Council members unanimously voted to approve a brief resolution stating that they do not support Princeton University’s plan to move the Dinky station, citing the following reasons:
-The proposed move is contrary to smart growth norms
-The proposed move is contrary to state development and redevelopment plans
-The proposed move is contrary to New Jersey Transit policy
-The proposed move is not in the best interest of the residents of the borough.
The resolution will be delivered to the trustees of the university, President Shirley Tilghman, the head of New Jersey Transit and its board members, and the clerk of the township.
Except for Councilman Roger Martindell, council members did not make statements during the meeting about the resolution, which followed presentations by the Rutgers University Design Studio and private rail company URS about the potential for replacing the Dinky with a streetcar or light rail in the future.
Council President Kevin Wilkes said in a phone interview last night that the resolution was timed to be voted on before the 7:30 Princeton Regional Planning Board meeting tonight at township hall.

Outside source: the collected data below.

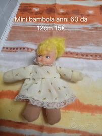 Piccola bambola vintage degli anni '60, alta circa 12 cm. Indossa un vestitino bianco con piccoli fiori gialli e pizzo.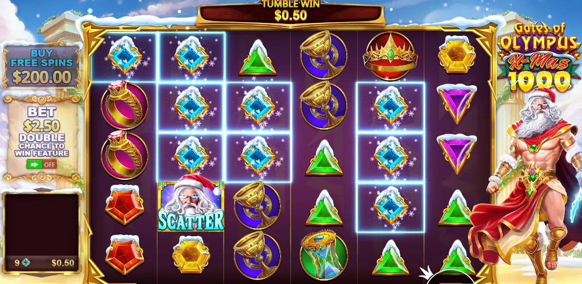 Od momentu premiery Gates of Olympus podbił serca fanów slotów na całym świecie, dlatego Pragmatic Play konsekwentnie rozwija serię o kolejne części. Jedną z nich jest Gates of Olympus X-Mas 1000, przygotowany specjalnie na świąteczny okres.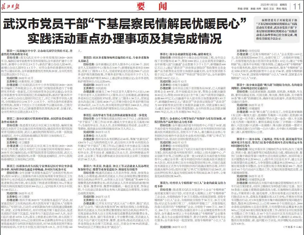 2022年,武汉市政府工作报告中公布了市政府民生实事事项清单,改善居住条件、完善便民服务设施、改善出行条件、老旧小区二次供水改造等20项民生实事位列其中。

The planning board is reviewing the university’s proposal for its arts and transit neighborhood district on the western edge of campus and will make recommendations to the governing bodies of the two Princetons on creating the proposed new zone. But both the township and the borough governing bodies would have to approve zoning ordinances for the proposed zoning changes in each municipality.
“We wanted to send a clear message to the planning board that the council opposes the train station move,” Wilkes said of the timing of the resolution.
Before the vote on the resolution, Martindell said it was a “first step” in the right direction but should have gone further.
“I’m concerned it might be the last step when it comes to taking a stand on the proposed removal of the railway station,” Martindell said. “This resolution is somewhat perfunctory in depth. It avoids an opportunity to do a detailed analysis of public policy and it avoids a detailed analysis of the violation of the community interest. There may be no additional platform to discuss our concerns in detail. It is too passive to be of maximum use.”
Martindell said while he was disappointed, he still supports the point of the resolution.
“I hope in the next few weeks we will augment it in detail, expand and dig deeper,” he said.
It is still unclear exactly what the resolution means in terms of the borough council approving the zoning or a memorandum of understanding with the university about future transit, but obviously the resolution makes the success of either look bleak.
“We will consider the zoning as it is presented to us,” Wilkes said.
The university wants to move the station about 460 feet south of its existing location to make way for its new arts center plan and a second access road to its large parking garage. Some residents oppose the plan because it pushed the station further from the center of town. The move also shifts the station from the borough to the township.
Princeton University officials say the station must be moved for their plans to work and that keeping the station at its existing location is not an option. Even if the arts zone is not approved, they say they will still move the station.
After a tense January meeting in which Tilghman asked for a decision about the zoning, saying the university would move the arts center elsewhere on campus, university officials and representatives from the borough and township met several times to try to hammer out a compromise transit agreement in a memorandum of understanding, but the draft agreement was never approved.